Hugo Shirley
The small rewards of small-scale opera
Neither OperaUpClose’s La traviata nor Finborough Theatre’s production of Boughton’s The Immortal Hour quite cut it
Perhaps I should come clean straightaway and admit that, despite the fact that OperaUpClose is about to celebrate its fifth birthday, I’d never been to see one of its shows before last week. This has not been a conscious decision; maybe, though, I’d been unconsciously put off by the company’s early braggadocio — by the manner in which it gleefully trumpeted the Violetta-like decline of ‘traditional’ opera so that it could offer itself up as a timely cure. I can’t say that I’ve ever been attracted, either, by the prospect of a luscious Puccini score reduced for three instruments, or of singers, many only just out of music college, tackling demanding roles in tiny venues — the company, unlike other smaller operatic outfits, has never shied away from the big staples of the repertoire.
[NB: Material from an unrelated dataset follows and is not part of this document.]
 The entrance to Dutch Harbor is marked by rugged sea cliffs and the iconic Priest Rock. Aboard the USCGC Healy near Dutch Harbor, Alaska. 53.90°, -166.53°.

If I’ve stayed away up until now, though, others have come flooding: OperaUpClose has proved enormously popular and it has inspired a wealth of other small-scale companies. Robin Norton-Hale, one of the company’s founders and the director of its La traviata, also acknowledges in a chatty programme note that it’s now rather more settled as part of the operatic establishment. Besides its production of Verdi’s classic, which opened in Islington’s King’s Head Theatre last autumn and has come to the Soho Theatre after being on the road, two further OperaUpClose productions (Tosca and The Elixir of Love) are currently on tour.
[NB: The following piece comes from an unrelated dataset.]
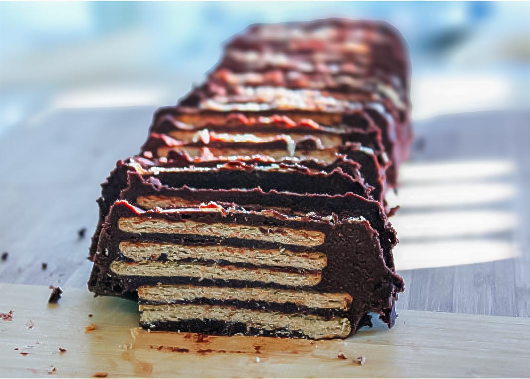 La primera es la famosa tarta galletas alemana o Keller Kuchen (en alemán, tarta del sótano) y está hecha a base de galletas rectangulares, huevos, chocolate cobertura, mantequilla, azúcar y cacao en polvo. Como podéis ver en la imagen el chocolate queda mezclado con las galletas y más sólido que en la segunda versión de abajo.
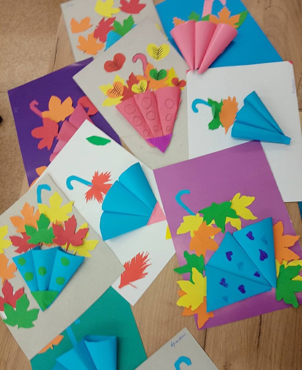 Так как до конца осени остаются считанные дни , успейте сделать поделки осенней тематики . Предлагаю выполнить зонтики с осенними листами . Мои ребятам понравилась такая идея и они выполнили с удовольствием.

La traviata follows the formula of previous stagings, with Norton-Hale producing an ‘English version’ that is a colloquial, free reworking to fit a new dramatic context — here the 1920s in America. The score is reduced, but is otherwise performed by and large with an earnest sense of respect, the exception here being a jazzy reworking of act two’s toreador music played on a gramophone. The cast is cut down to five, with several secondary characters fused together: the crowd scenes, as a result, become cosy gatherings of people who all already know each other rather well; the clashes between private emotions and their public revelation is lost.
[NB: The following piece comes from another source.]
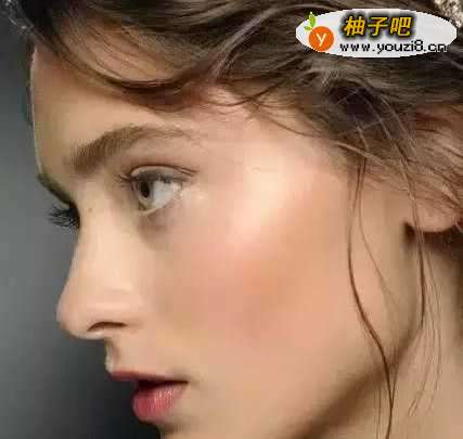 鹅蛋脸算是最完美的脸型,腮红画起来也比较简单,从苹果肌开始以打圆的方式横向往太阳穴刷,增加红润感即可。

There are times when it feels like trying to take in a grand Veronese from a couple of feet away. Small details are revealed in some fine acting, but the grand gestures and operatic pacing, designed to be experienced from a distance, are cruelly exposed as either clunky or simply lacking in conventional theatrical realism — which was never really opera’s stock-in-trade in the first place. The singing, meanwhile, was largely fearless and competent from the cast I saw (three sets of singers alternate across the performances), but my Violetta, Prudence Sanders, was alone in offering any vocal allure or beauty, managing some moments of concentrated, touching intimacy. Significantly, though, she was most moving when resorting to speech in a lilting, thoroughly convincing American drawl.
The trio of piano, clarinet and cello was also at its best in the smaller-scale moments; the spell was broken when it struggled to recreate any orchestral weight. There’s no doubting the show’s energy and conviction, the occasional ingenuity of the updating, or the commitment of everyone involved. And the company does important work in giving young singers experience — although is singing big Puccini and Verdi so young really that beneficial? It also presents opera without the traditional trappings that we are told so many find so off-putting, and does so at reasonable prices. I’m determined to give the company another try, but I remain agnostic for the moment.
Arguably, it’s the fringes of the repertoire that benefit most from adventurous smaller-scale companies. I wish I could be more enthusiastic, though, about an enterprising staging of Rutland Boughton’s The Immortal Hour in the Finborough Theatre, a tiny space above a west London pub. Once famous for its ‘Faery Song’, Boughton’s ‘music drama’ was part of the composer’s plans for an English festival on vague Wagnerian lines, which was eventually founded in Glastonbury in 1914 — it lasted for a decade, and is unrelated, in case you’re wondering, to the other Glastonbury festival. The piece was premiered there, before becoming a phenomenal hit in London during the 1920s, running for a frankly baffling 600 consecutive performances at the Regent Theatre.
The libretto, by the Scottish writer William Sharp (but published under the pseudonym Fiona Macleod), is hopelessly nebulous and cryptic, featuring Celtic ancients and druids and accompanied by music whose insipidness the quartet of musicians playing here could do little to disguise.